First up was Copper Gone by Sage Francis, who sounds like a Mumford-esque singer-songwriter, but I’m assured is a rapper. The copper scratched illustration was more confusing than telling, but his name was in a pretty average font so ipso facto, it’s a pretty average rap album. There was a drawing of a house, so maybe it’s confessional? A conventional rap album, probably.

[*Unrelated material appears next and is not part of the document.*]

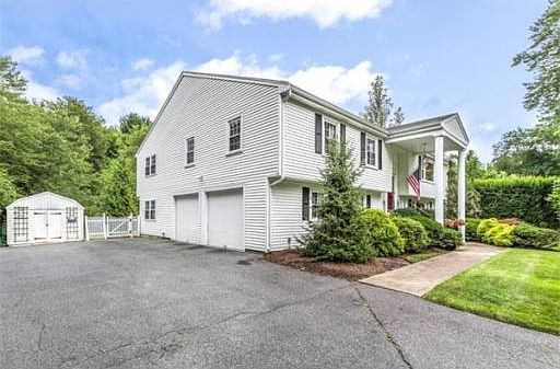 PRICED TO SELL! 75K price reduction for this Fabulous 4 bedroom, 3 bath expanded home on a cul de sac with a private acre+ lot which abuts conservation land and Sabrina Lake, near the Wellesley Line. Spacious living and dining rooms with a lovely custom fireplace. Beautifully updated Kitchen opens into a bright family room with built-ins. Modern baths. Master Suite with finished loft library, office and a large cedar closet. Additional living space boasts a large bedroom with fireplace, game room and dining area, great for playroom, in-law, au pair , private access. Walk-out access to a unique Ipe large Brazilian walnut wood patio, out-door gas grill and level yard - great for entertaining. Hot tub with magnificent garden views. Central air, generator with transfer switch, irrigation system and more. A quiet oasis in your own back yard.

That is most definitely not what it is. Incredibly conscious and self-exploratory, Copper Gone is a profound look at social issues as well as his own experiences. In short- it’s pretty good. ‘Vonnegut Busy’ (the name alone says it all) takes rap’s average preoccupations and turns them upside down. “Sick of hearing rap with no feeling”, and that it certainly has. “Learn to express yourself if you’re gonna stand for things”, and he certainly did. Turns out Sage Francis has been active since the nineties and is an accomplished spoken word artist too.

Lust For Youth - International feature

Second was Lust For Youth’s International, and the cover screamed Factory. A white background with a blue triangle seemed incredibly Peter Saville, so I fully expected a new-age New Order. This time that’s exactly what I got. A watered down ambient version of the originals, the only real difference was a part that seemed like Italian spoken word. Digging deeper, Lust For Youth are Swedish coldwave. Yep, I’ll take that.

Lastly was Courtship Ritual’s Pith. I expected great things from the black and white cover, a DIY lo-fi outfit or something punkier. This was the biggest disappointment of the bunch- bland minimalist nothing-ness, probably progressive years ago but done over, not particularly well. Maybe it’s not my thing, but I expected PUNCH. On second look maybe it makes sense- stark but in a different, dull way.

So what’s the moral of the story kids? You can judge anything by its cover, but you’ll probably be wrong. See an album cover that catches your eye though, and pick that thing up straight away. It might be terrible, but it might be your new favourite thing. Sage Francis is definitely getting another spin.